An inverted architecture P3HT:CdSe bulk-heterojunction hybrid solar cell utilizing a quantum junction with high open circuit voltage and efficiency

Abstract

Exploring CdSe QDs as a substitute for [6,6]-phenyl-C61 butyric acid methyl ester (PCBM) in Poly (3-hexylthiophene) (P3HT) based photovoltaic devices received much attention due to its properties such as tunable band gap over the visible range, better band alignment with P3HT and inexpensiveness. But, the VOC values of the P3HT:CdSe QDs bulk-heterojunction (BHJ) hybrid solar cells are still inferior, which happens to be the main performance-limiting factor for these devices. We have resolved this issue in this study by the application of an interfacial buffer layer (BL) in an inverted architecture utilizing zinc oxide (ZnO) as an electron transporting layer. The BL was also formed of CdSe QDs.
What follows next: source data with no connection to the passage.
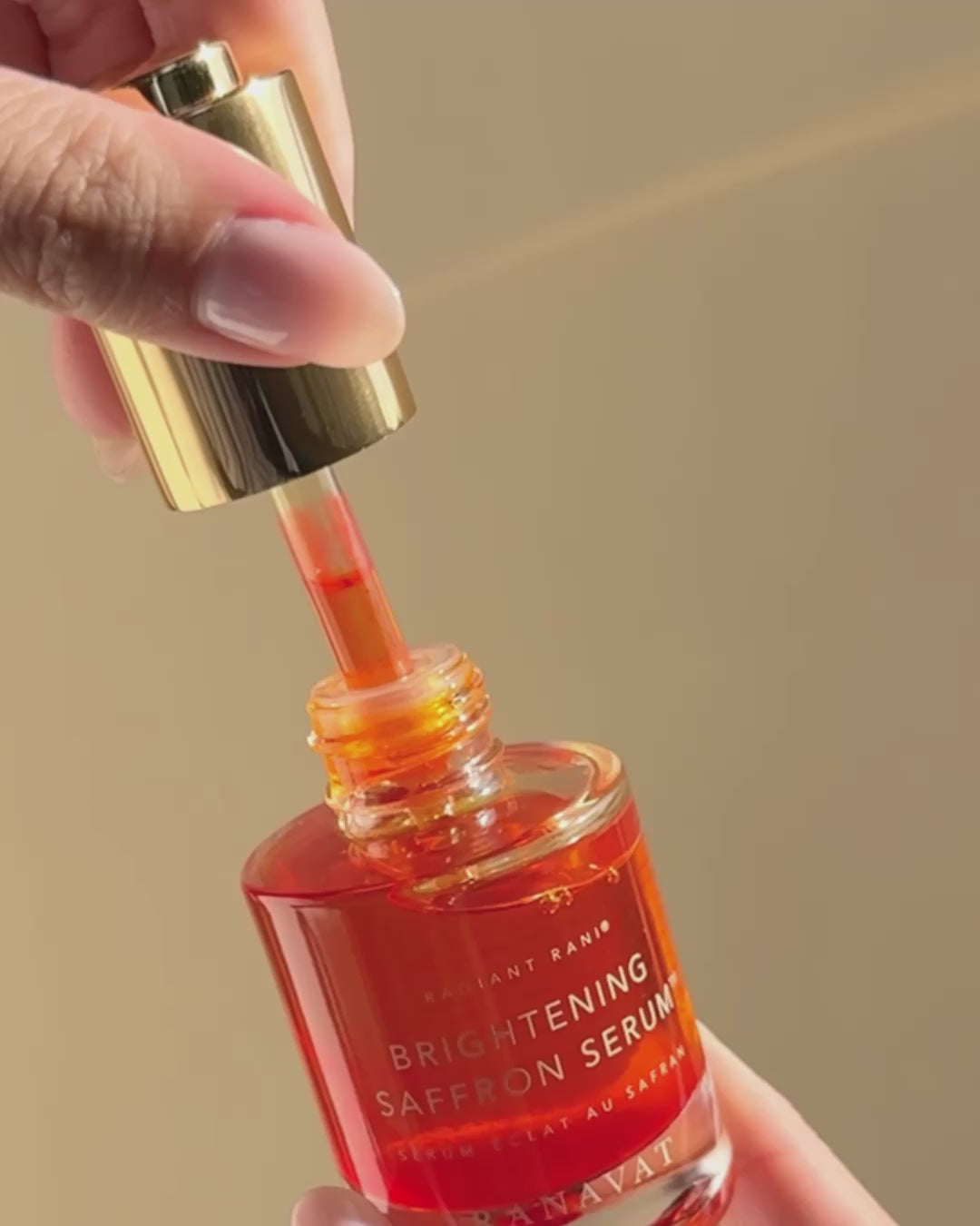 “The secret to RANAVAT’S ayurvedic Radiant Rani Brightening Serum formula includes saffron threads, which are believed to create a more even-toned complexion.”
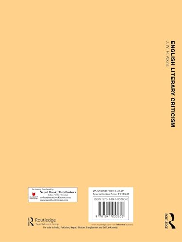 Originally published in 1951, this volume examines the transitional period between Renaissance influence and the emergence of 19th Century Romanticism. It analyzes the theories and judgments of various literary critics and their impact on literary appreciation. The opening chapter focuses on French 17th Century doctrines, providing essential background for English critical activity over two centuries. Subsequent chapters explore the key developments and highlight significant critics during this transformative era.
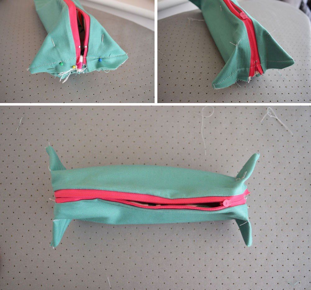 Put the article in front of yourself so that the zipper is located in the middle. Unzip a half of it. This way you’ll get the “pawl” of the zipper aside and it won’t disturb you when you get to working on joints. Fasten the side details of the makeup bag with each other with pins. Create joints on the sides of the makeup bag. go back from the edge on 1-1.5 cm.
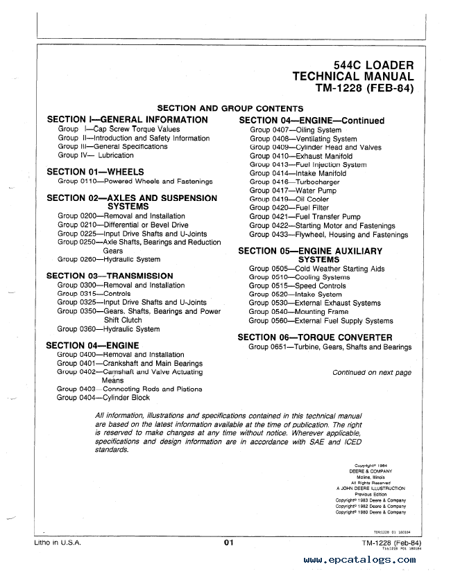 [02/1984]Technical manual contains service and repair information, specific installation instructions, technical specifications, pictures and drawings for John Deere loader 544C.
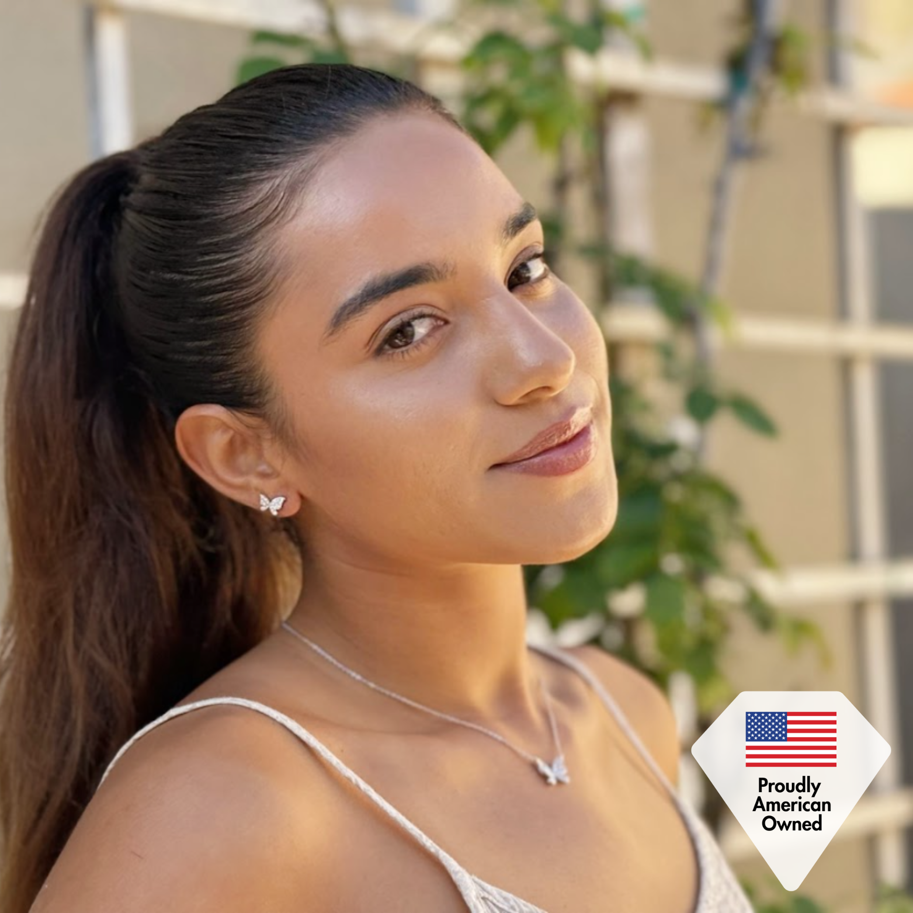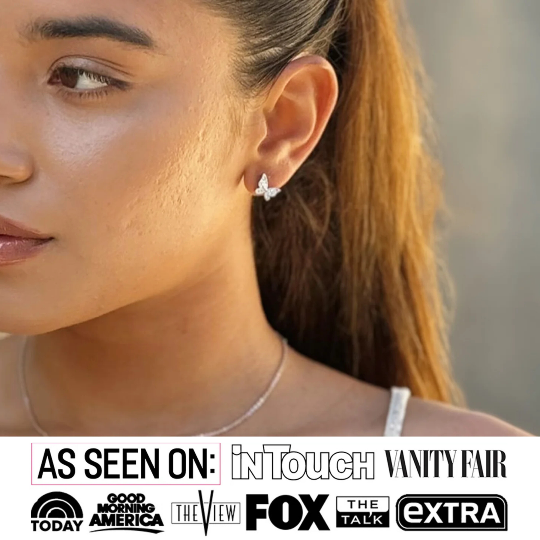 Introducing our Yuenen 18k White Gold Plated Silver Butterfly Earrings, a timeless blend of elegance and sophistication. These silver earrings boast a dazzling array of Swarovski Crystals, capturing the essence of classic earrings with a modern twist.
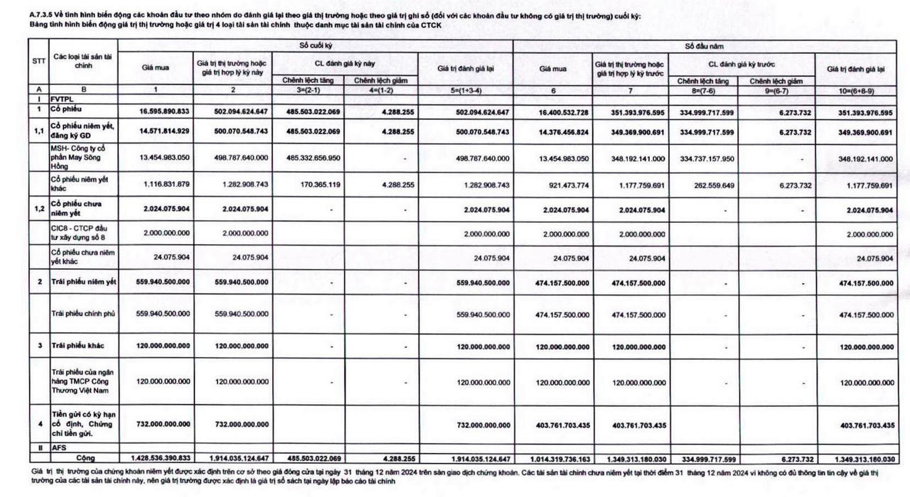 Quý IV/2024, FPTS thu lời lớn từ cổ phiếu MSH của May Sông Hồng. Lợi nhuận sau thuế của công ty đạt hơn 160 tỷ đồng, tăng gấp 3,8 lần cùng kỳ.
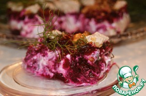 Выстелить сверху оставшуюся свеклу. Посыпать оставшимися орехами и укропом 1 ч. л. Поместить на 20 минут в холодильник. обернув кольцо снизу бумажным полотенцем, которое впитает в себя выделившийся из свеклы сок.
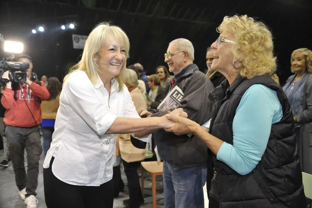 Ingresó ovacionada y cruzó el polideportivo hacia el estrado al frente, donde estaba congregada la primera plana de la coalición de izquierda –con la presencia del canario Yamandú Orsi y el presidente del FA, Fernando Pereira– y el gabinete de la intendencia.
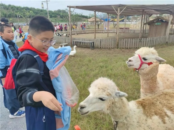 牧场互动:亲近生灵悟和谐 果乐牧场里,最吸引同学们的莫过于形态独特的火鸡、羽衣斑斓的孔雀和温顺可爱的小羊。火鸡拖着蓬松的尾羽昂首踱步,模样憨态可掬;孔雀时而梳理华丽的羽毛,时而展开尾屏,引得大家阵阵惊呼;小羊则依偎在围栏边,眼神温柔又灵动。同学们轻手轻脚地靠近,有的蹲在一旁静静观察火鸡的姿态,有的对着开屏的孔雀轻声赞叹,还有的温柔抚摸小羊柔软的绒毛,脸上满是欣喜与宠溺。大家用最轻柔的动作与小动物互动,眼神里满是对这些生灵的喜爱,在近距离接触中感受着生命的鲜活,真切体会到人与动物和谐共处的温暖。
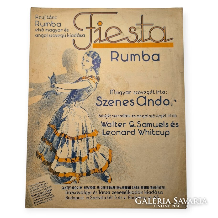 English: Rare Hungarian sheet music of the rumba Fiesta, with lyrics by Andor Szenes and music by Walter G. Samuels & Leonard Whitcup.
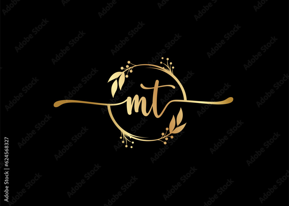 Fototapeta luxury gold signature initial mt logo design isolated leaf and flower
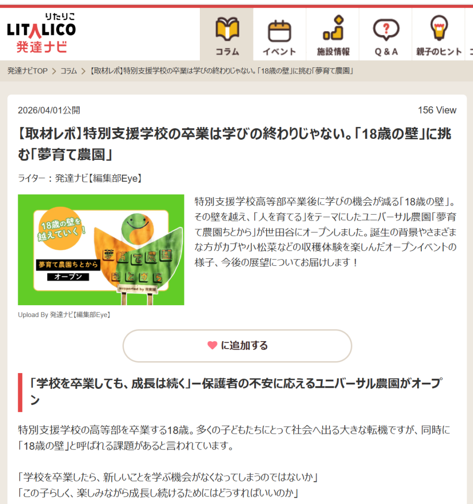 2018年にNPO法人ユメソダテを立ち上げた時にも、2020年にニコニコインのクラウドファンディンをした時にも、そして2022年に夢育て農園を開園&人を育てる畑を開講した時にも、LITALICO発達ナビは、良質な記事を掲載して下さいました。

It was found that the application of the interfacial BL reduces the interface recombination which resulted in a VOC value of 0.96 V. To the best of our knowledge, this is the best VOC value reported for the P3HT:CdSe QDs BHJ system so far. A quantum junction (QJ) was also formed between the QDs in the BL and the QDs in the BHJ by passivating them with Iodine and 3-Mercaptopropionic acid (MPA), respectively. The QJ induces an extended electric field in the BHJ which benefits charge extraction and ultimately resulting in an enhanced short circuit current (JSC).